The Department of Education is going to buy up more student loans from private lenders in an effort to bolster the private student loan market, the New York Times reports.  The move comes as investors shy away from the student loan market in the wake of the economic crisis, and large lenders like Sallie Mae stand to benefit the most:

Sallie Mae and big banks like Citigroup and JPMorgan Chase, which make thousands of government-subsidized student loans each year, stand to benefit the most from the government’s program. But so will dozens of nonprofit student lenders that are caught in the same bind. The government’s action will not resolve all worries about student lending.

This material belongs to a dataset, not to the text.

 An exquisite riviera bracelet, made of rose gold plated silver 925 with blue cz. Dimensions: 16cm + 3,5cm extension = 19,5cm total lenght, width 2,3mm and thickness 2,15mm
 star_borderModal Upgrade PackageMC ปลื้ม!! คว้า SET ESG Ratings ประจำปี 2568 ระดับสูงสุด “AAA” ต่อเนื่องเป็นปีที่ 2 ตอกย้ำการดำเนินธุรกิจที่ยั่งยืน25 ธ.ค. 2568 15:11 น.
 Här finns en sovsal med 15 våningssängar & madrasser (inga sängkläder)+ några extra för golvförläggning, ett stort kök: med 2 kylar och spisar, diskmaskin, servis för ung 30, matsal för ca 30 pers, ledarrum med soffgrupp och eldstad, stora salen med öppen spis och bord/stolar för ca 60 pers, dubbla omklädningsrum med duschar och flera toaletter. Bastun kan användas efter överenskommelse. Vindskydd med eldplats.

Student loan borrowers this year are finding it more difficult to obtain private loans, which are not guaranteed by the government and which typically carry higher interest rates and less favorable repayment terms.

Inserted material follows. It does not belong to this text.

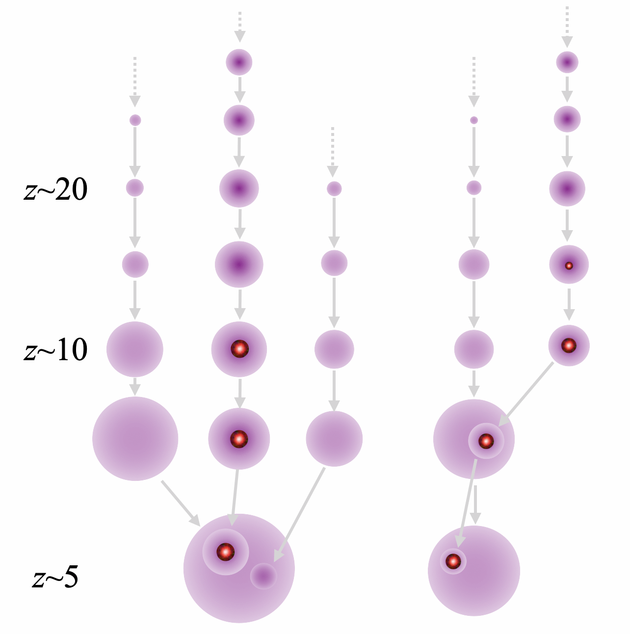 Figure: In a self-interacting dark-matter universe, a halo that formed early and was exceptionally dense at the center can undergo core collapse before reionization, giving rise to a supermassive black hole seeded directly from dark matter.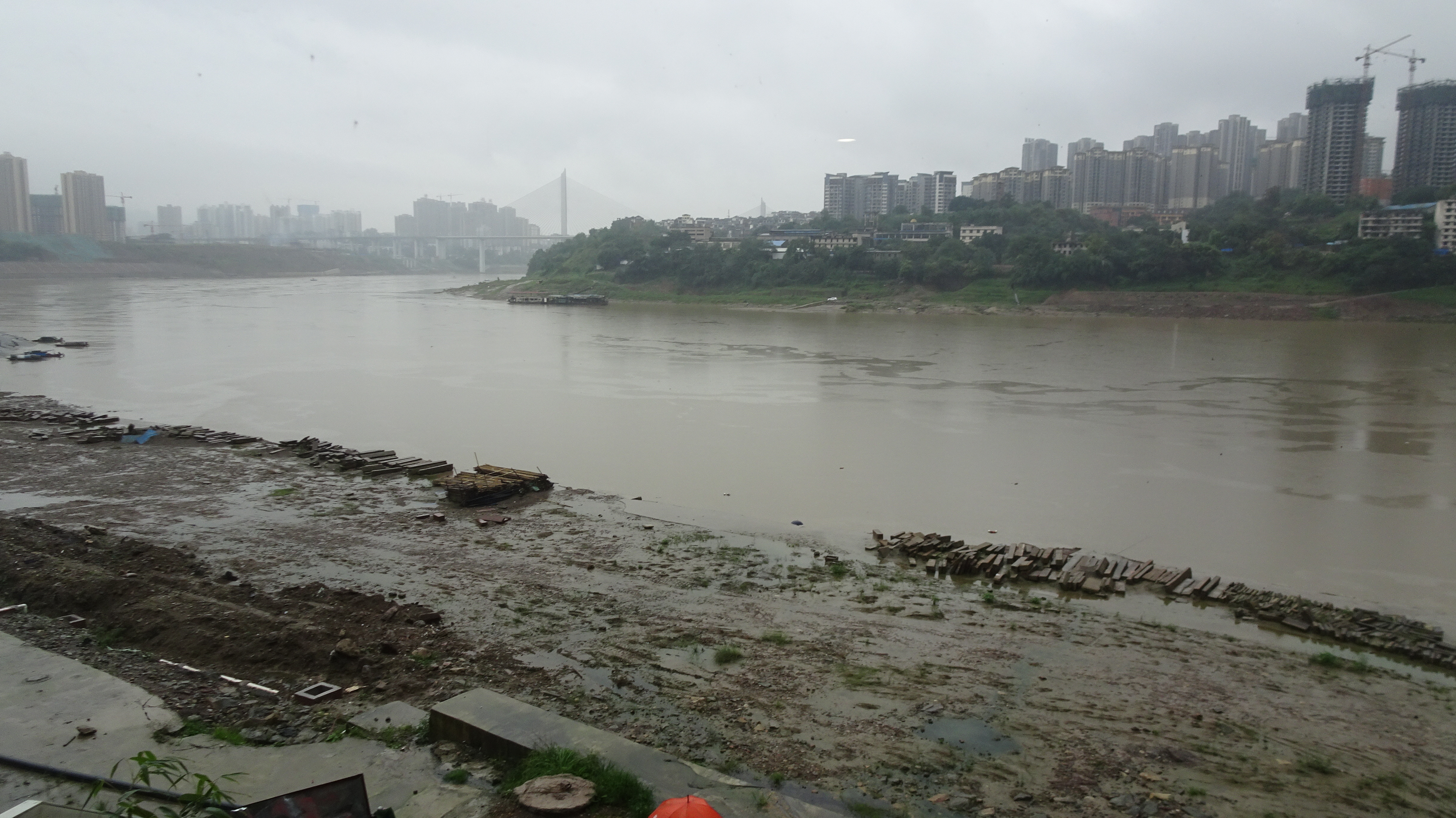 Tag 178 der Weltreise: 118 km via Taxi und Bahn von Fuling nach Chongqing (+1108m, -1031m) bei max. 20°C und erneut z.T. heftigem Regen

Thus, in yet another industry, the government is bailing out the people at the top of the hierarchy and overlooking those at the bottom.  Part of me understands this – the fact of the matter is, the way our current system is set up, most students need to borrow, and if the lenders can’t lend, that leaves a lot of people unable to get a college education at all.  On the other hand, I feel that their must be some alternative to letting tuition costs creep ever higher and forcing everyone to rely so much on loans that such bailouts become necessary in times of economic distress.

  1. November 12, 2008 at 12:01 pm

    Oh man, what they really need to do is bail out the graduates who cannot afford to pay their student loans off.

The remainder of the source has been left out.